Ivy shrugs at the mention of Crane's torment, "Scarecrow never used his power to do any good, even though he could have, so doesn't bother me he got what he had coming. Act like a nerd, get dunked like a nerd, is what I say..." well, not really, because Ivy doesn't truly speak that way. But clearly, she's no fan of sexist Dr. Crane, she's seen how he treated his lab assistants. "I'm sure Batman had some important stuff in between his blahs and blahs," Ivy nods solemnly, as if Harley didn't just speak utter nonsense. Then again, some people look at Ivy funny when she mentions talking to plants, so it's neither here nor there. "Yeah, we'll do that...after we get me settled with your roomie. I need a real place to lay low, and while I love Robinson Park, they'll look for me here."

Ivy takes her hand from Harley's forehead, and nods, "uh huh. That's Na'vi for don't fuck with mother nature, right? I like it."

Harley Quinn has posed:
"I... ya... but..." Harley crosses her arms, pointing in oposite directions as Ivy goes deep into her rhetoric. It isn't even that she can't follow what's being said or that she's at a loss for words, so much as acknowledging that most of what her friend has said was 100% true... "I mean, I aint tryin' ta skimp the details foah ya, I can give'em, I was jus' tryin' ta keep the ratin' to an apropriate level, ya know?" SHRUG, both shoulders, way up.

Harley aint scared to kiss and tell. At least not to Ivy.

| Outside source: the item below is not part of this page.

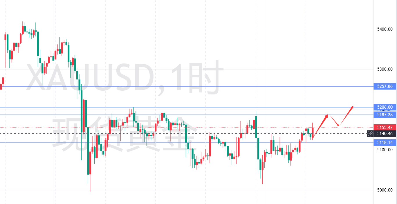 黄金上周虽经历一波下探(高点5419至低点4996),但后半周的止跌反弹已明确释放看涨信号,且反弹动能持续延续。从当前趋势来看,前期的下探更偏向于上升过程中的健康回撤,而非趋势反转——本周至今未跌破上周低点4996,便是最直接的看涨佐证,说明下方买盘支撑强劲,多头力量正在逐步积蓄。从支撑层面来看,上周形成的两个低点(含4996)可作为后续看多操作的核心保护位,只要不有效跌破该区域,多头趋势便不会被打破,可安心依托支撑布局看涨。

That said, "Oh, this? Yeah, we can definitely get ya some close wit this, Red.. I bought April a bunch'uh stuff too... an' Terry, an' then somethin' foah Terry an' his Boyfriend, cus I'm a give'uh... Spoiler alert? It was a diamond encrested banana hammock..." Important.

"Damn right't is.. let's get the heck outta Gotham eh? I rent't a nice, modest cah, somethin' that wont draw too much attention..." She rented a Ferrari. Definitely a Ferrari. "Nah', that's Ogh ol niemutii.. Literally This planet'll fuck yer ass up... ya can quote me."